A day after the Wagner insurrection on June 24, Yevgeny Prigozhin’s private Embraer Legacy 600 jet – registration number RA-02795 – took off from St Petersburg, where the Wagner private military company (PMC) belonging to the warlord opened a new office in November last year.
As it entered the airspace near Rostov Oblast, southern Russian, close to where Prigozhin was last seen, its transponder was suddenly switched off, meaning it could no longer be tracked.
READ MORE Belarus is de facto prison for Prigozhin who ‘won’t ever be safe’ from Putin[REVEAL ]

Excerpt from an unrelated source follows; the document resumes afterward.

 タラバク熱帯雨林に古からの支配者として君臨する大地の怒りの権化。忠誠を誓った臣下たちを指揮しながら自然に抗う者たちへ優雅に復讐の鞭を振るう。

For reference, a similar incident occurred with Vladimir Putin’s private plane on Saturday (June 24), as it left Moscow while Wagner mercenaries rapidly marched towards the capital.
At around 6pm local time on the same day, the plane reappeared on radar over the Tambov Oblast and returned to St. Petersburg the following hour, according to Belaruski Hayun, a Belarusian activist monitoring group in contact with Express.co.uk.

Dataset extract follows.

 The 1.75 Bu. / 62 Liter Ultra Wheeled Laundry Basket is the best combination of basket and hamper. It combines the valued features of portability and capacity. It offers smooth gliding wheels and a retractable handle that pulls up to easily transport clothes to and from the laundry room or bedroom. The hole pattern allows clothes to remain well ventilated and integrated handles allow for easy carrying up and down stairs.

On Monday morning (June 26), at 7.40am local time, that same plane touched down at the Machulishchy military airfield in Belarus, roughly 12 miles south of the capital of Minsk, where President Alexander Lukashenko was preparing to address journalists and security officials on the Wagner coup of the weekend previous.
Less than 20 minutes later, a second business jet, BAe-125-800B (reg. number RA-02878), having taken off from St Petersburg, landed at the military airfield.

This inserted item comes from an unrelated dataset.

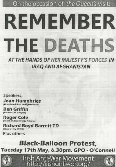 “On the Occasion of the Queen’s visit: Remember The Deaths…” -Irish Anti War Movement Leaflet » queeniawm1

The only other military arrival, an An-124 “Ruslan” transport aircraft of the Russian Aerospace Forces (RA-82030), departed from Ulyanovsk in Russia on Sunday and landed at Minsk National Airport that same day.
Prigozhin would have needed to travel more than 800 miles from Rostov-on-Don to make that flight, a feat that would only be possible if he could “transport”, according to Belaruski Hayun.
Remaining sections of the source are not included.